## REQUIRED WORK
For the data below, transcribe the part that opens with the line containing "9月10日上午,全体队员在荔" and closes with the line containing "Modern, cosy, comfortable", exactly and with no pictures.

[Stored records]
>>>>>
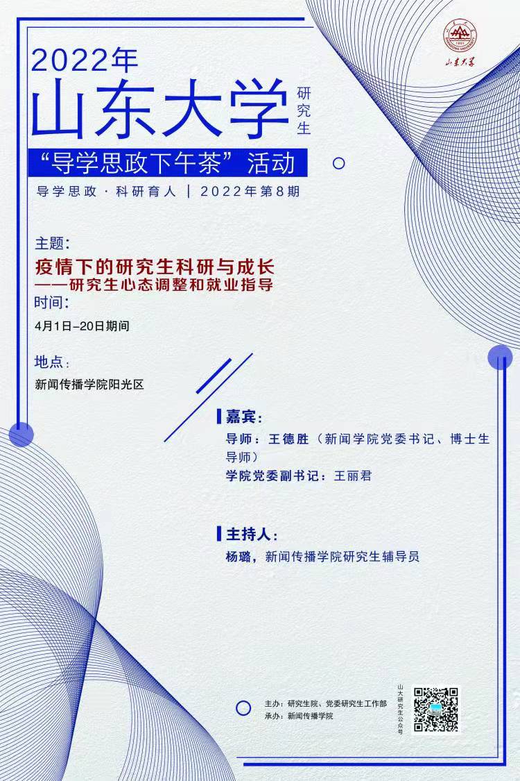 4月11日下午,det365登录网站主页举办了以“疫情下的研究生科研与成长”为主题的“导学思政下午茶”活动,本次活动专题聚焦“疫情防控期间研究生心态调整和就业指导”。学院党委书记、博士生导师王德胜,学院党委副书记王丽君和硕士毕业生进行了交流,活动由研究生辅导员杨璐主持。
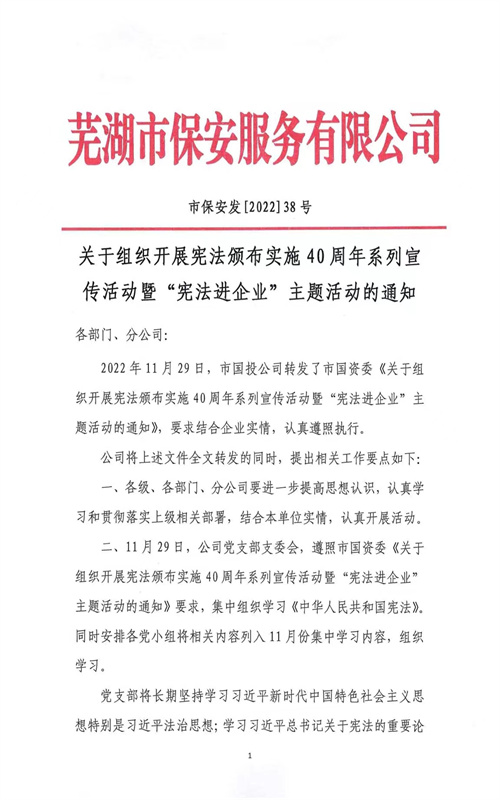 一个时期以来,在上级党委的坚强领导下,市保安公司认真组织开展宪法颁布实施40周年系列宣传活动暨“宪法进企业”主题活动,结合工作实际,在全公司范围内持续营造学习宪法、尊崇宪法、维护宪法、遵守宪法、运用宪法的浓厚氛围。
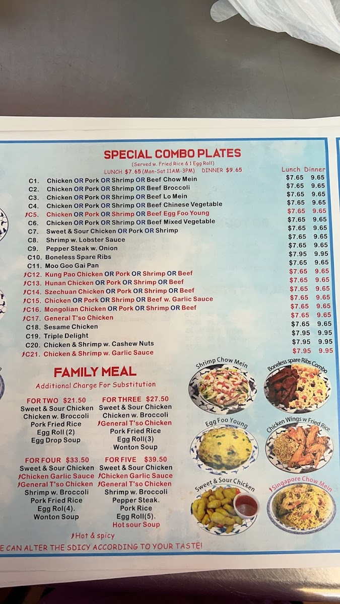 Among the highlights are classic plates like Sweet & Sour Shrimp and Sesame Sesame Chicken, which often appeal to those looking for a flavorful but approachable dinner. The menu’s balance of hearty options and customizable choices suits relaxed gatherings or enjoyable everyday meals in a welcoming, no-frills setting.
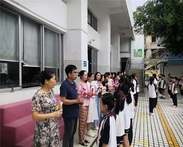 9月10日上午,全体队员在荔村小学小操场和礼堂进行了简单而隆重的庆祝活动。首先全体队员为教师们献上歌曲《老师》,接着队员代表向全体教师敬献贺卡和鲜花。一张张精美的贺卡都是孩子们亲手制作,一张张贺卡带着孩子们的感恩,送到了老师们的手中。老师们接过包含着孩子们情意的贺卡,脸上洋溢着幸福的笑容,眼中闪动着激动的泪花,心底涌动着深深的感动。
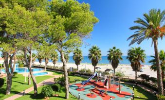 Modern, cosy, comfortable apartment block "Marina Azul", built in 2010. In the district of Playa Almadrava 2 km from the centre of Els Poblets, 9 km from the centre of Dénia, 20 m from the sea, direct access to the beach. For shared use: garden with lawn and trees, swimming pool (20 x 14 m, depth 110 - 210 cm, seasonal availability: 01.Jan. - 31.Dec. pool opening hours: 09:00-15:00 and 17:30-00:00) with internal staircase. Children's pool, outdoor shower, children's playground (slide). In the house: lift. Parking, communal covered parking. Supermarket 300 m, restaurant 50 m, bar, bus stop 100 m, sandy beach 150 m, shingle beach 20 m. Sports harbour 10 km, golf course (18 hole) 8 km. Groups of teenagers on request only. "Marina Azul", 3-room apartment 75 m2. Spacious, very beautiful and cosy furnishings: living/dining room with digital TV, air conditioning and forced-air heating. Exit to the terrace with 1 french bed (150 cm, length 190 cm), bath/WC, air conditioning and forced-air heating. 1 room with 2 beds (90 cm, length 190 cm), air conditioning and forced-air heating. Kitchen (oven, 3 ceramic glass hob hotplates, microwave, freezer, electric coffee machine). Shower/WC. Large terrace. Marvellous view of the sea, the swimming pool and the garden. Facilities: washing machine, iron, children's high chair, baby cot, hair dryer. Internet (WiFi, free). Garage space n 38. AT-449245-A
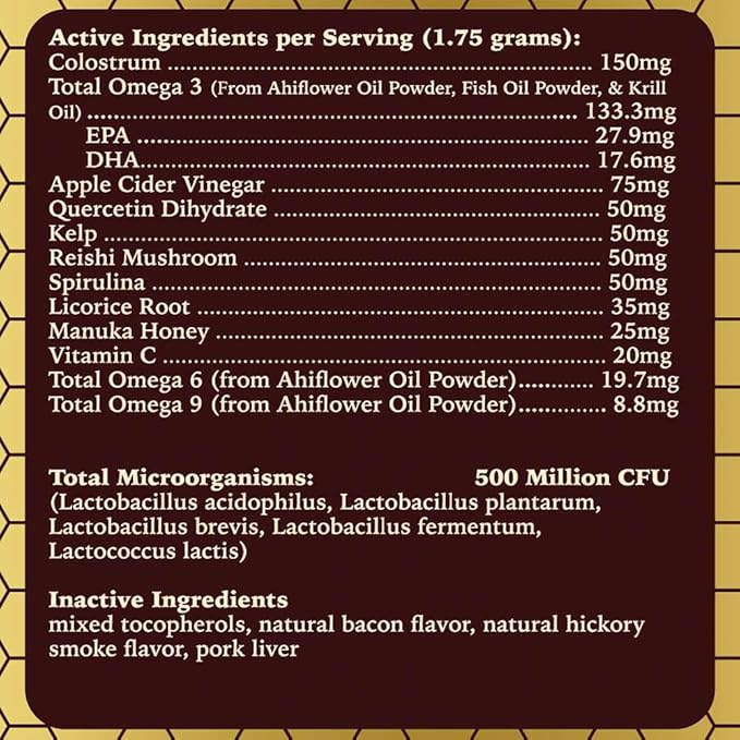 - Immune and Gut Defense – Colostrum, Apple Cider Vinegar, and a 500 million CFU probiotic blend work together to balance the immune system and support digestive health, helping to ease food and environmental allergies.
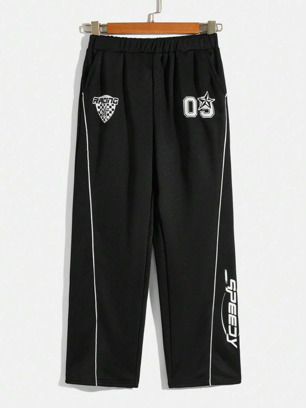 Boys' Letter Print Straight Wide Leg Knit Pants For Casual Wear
<<<<<
## RESULT FOR THIS TASK
 9月10日上午,全体队员在荔村小学小操场和礼堂进行了简单而隆重的庆祝活动。首先全体队员为教师们献上歌曲《老师》,接着队员代表向全体教师敬献贺卡和鲜花。一张张精美的贺卡都是孩子们亲手制作,一张张贺卡带着孩子们的感恩,送到了老师们的手中。老师们接过包含着孩子们情意的贺卡,脸上洋溢着幸福的笑容,眼中闪动着激动的泪花,心底涌动着深深的感动。
 Modern, cosy, comfortable apartment block "Marina Azul", built in 2010. In the district of Playa Almadrava 2 km from the centre of Els Poblets, 9 km from the centre of Dénia, 20 m from the sea, direct access to the beach. For shared use: garden with lawn and trees, swimming pool (20 x 14 m, depth 110 - 210 cm, seasonal availability: 01.Jan. - 31.Dec. pool opening hours: 09:00-15:00 and 17:30-00:00) with internal staircase. Children's pool, outdoor shower, children's playground (slide). In the house: lift. Parking, communal covered parking. Supermarket 300 m, restaurant 50 m, bar, bus stop 100 m, sandy beach 150 m, shingle beach 20 m. Sports harbour 10 km, golf course (18 hole) 8 km. Groups of teenagers on request only. "Marina Azul", 3-room apartment 75 m2. Spacious, very beautiful and cosy furnishings: living/dining room with digital TV, air conditioning and forced-air heating. Exit to the terrace with 1 french bed (150 cm, length 190 cm), bath/WC, air conditioning and forced-air heating. 1 room with 2 beds (90 cm, length 190 cm), air conditioning and forced-air heating. Kitchen (oven, 3 ceramic glass hob hotplates, microwave, freezer, electric coffee machine). Shower/WC. Large terrace. Marvellous view of the sea, the swimming pool and the garden. Facilities: washing machine, iron, children's high chair, baby cot, hair dryer. Internet (WiFi, free). Garage space n 38. AT-449245-A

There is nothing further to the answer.